TASK: Copy exactly the lines of the material below that fall between the line with "Длинная теплая куртка" and the line with "wits high temperature", both of those lines included; pictures stay out.

RECORDS FOR THE TASK:
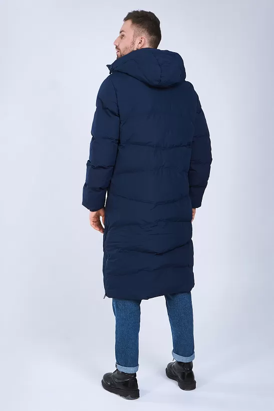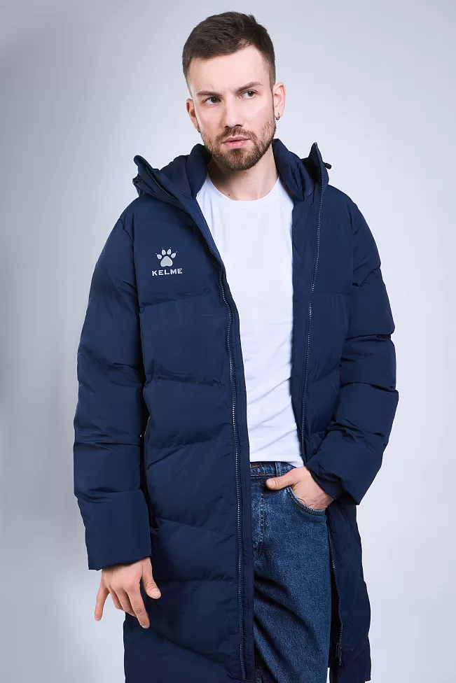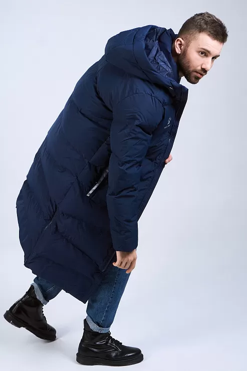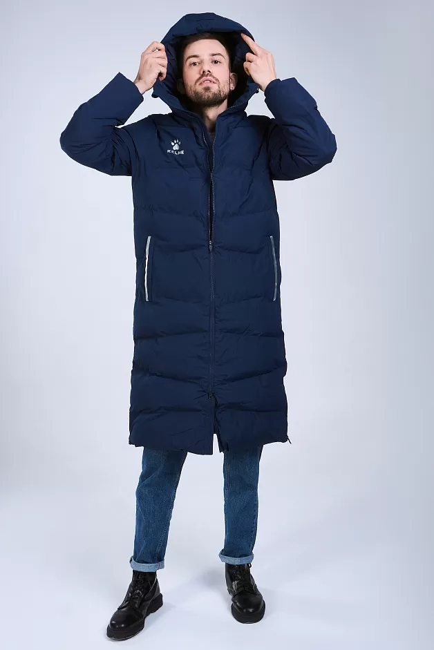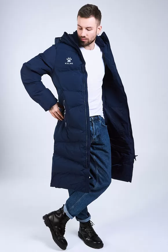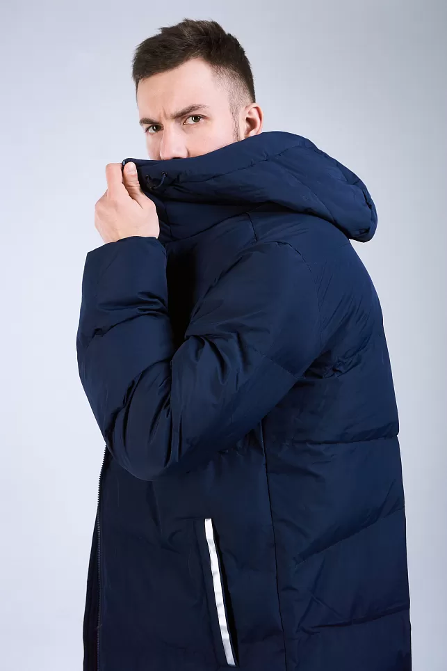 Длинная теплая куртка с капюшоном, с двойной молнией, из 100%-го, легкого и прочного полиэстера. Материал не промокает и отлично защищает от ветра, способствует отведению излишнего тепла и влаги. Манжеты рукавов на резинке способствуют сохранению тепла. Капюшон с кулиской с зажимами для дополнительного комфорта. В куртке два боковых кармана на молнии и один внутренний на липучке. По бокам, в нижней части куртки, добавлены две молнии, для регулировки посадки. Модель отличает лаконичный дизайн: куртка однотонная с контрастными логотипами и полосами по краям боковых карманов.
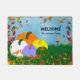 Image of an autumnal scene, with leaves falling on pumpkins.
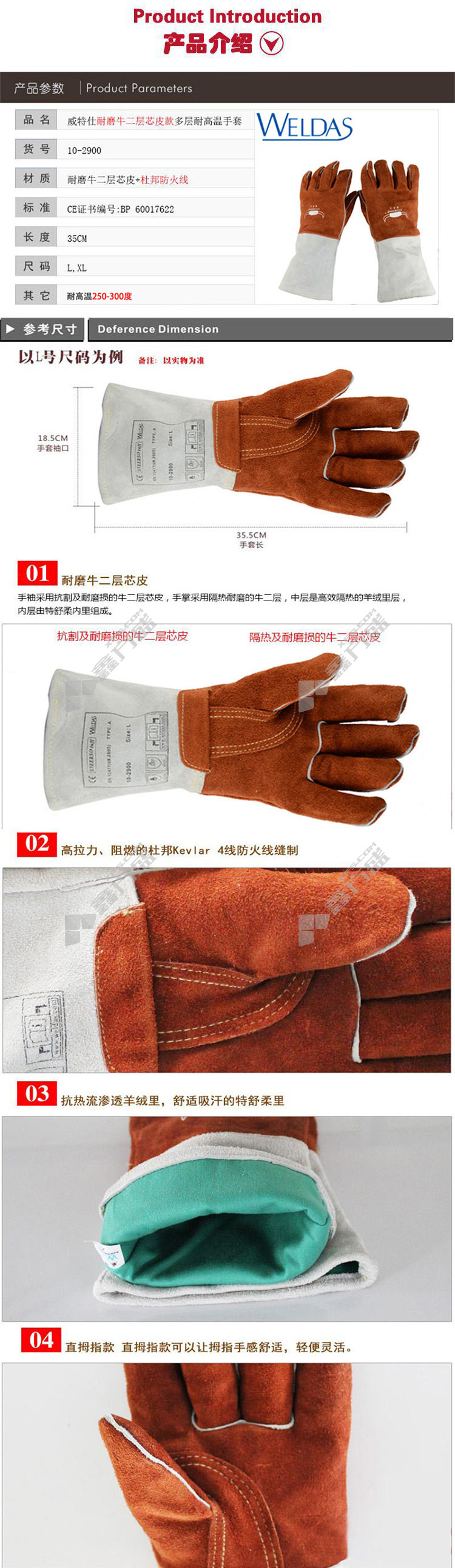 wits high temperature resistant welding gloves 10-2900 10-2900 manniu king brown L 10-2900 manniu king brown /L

* * *

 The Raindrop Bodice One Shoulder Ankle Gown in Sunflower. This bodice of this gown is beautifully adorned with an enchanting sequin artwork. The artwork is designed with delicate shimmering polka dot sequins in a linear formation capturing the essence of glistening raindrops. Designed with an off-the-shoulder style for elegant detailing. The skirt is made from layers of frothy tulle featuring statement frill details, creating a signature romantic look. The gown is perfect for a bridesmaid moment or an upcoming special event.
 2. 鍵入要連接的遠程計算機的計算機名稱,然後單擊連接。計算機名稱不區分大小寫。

RESPONSE BOX:
 Длинная теплая куртка с капюшоном, с двойной молнией, из 100%-го, легкого и прочного полиэстера. Материал не промокает и отлично защищает от ветра, способствует отведению излишнего тепла и влаги. Манжеты рукавов на резинке способствуют сохранению тепла. Капюшон с кулиской с зажимами для дополнительного комфорта. В куртке два боковых кармана на молнии и один внутренний на липучке. По бокам, в нижней части куртки, добавлены две молнии, для регулировки посадки. Модель отличает лаконичный дизайн: куртка однотонная с контрастными логотипами и полосами по краям боковых карманов.
 Image of an autumnal scene, with leaves falling on pumpkins.
 wits high temperature resistant welding gloves 10-2900 10-2900 manniu king brown L 10-2900 manniu king brown /L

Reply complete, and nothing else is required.